Report every line of the listing below in which the string "NanoDrop" appears.

ENTRIES SHOWN –
######

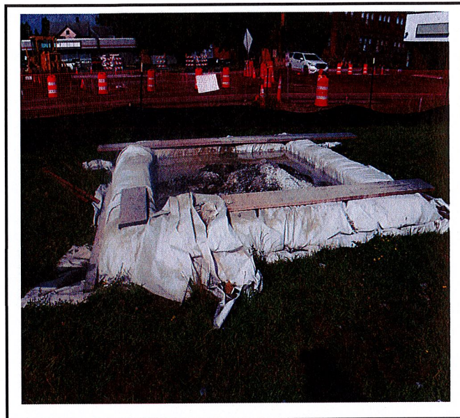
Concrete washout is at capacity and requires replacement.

######

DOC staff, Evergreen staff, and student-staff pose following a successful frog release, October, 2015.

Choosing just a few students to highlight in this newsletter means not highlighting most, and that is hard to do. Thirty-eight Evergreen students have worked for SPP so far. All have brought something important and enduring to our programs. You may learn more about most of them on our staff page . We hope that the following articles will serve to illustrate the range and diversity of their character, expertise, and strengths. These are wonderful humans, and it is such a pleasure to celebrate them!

######

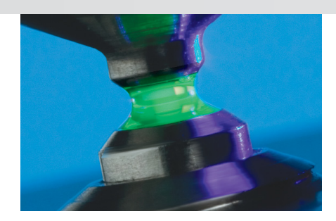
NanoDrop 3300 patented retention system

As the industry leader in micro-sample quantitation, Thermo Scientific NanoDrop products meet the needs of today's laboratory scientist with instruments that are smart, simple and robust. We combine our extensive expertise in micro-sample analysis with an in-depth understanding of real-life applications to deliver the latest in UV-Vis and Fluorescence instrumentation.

######

TASK RESULT –
NanoDrop 3300 patented retention system
As the industry leader in micro-sample quantitation, Thermo Scientific NanoDrop products meet the needs of today's laboratory scientist with instruments that are smart, simple and robust. We combine our extensive expertise in micro-sample analysis with an in-depth understanding of real-life applications to deliver the latest in UV-Vis and Fluorescence instrumentation.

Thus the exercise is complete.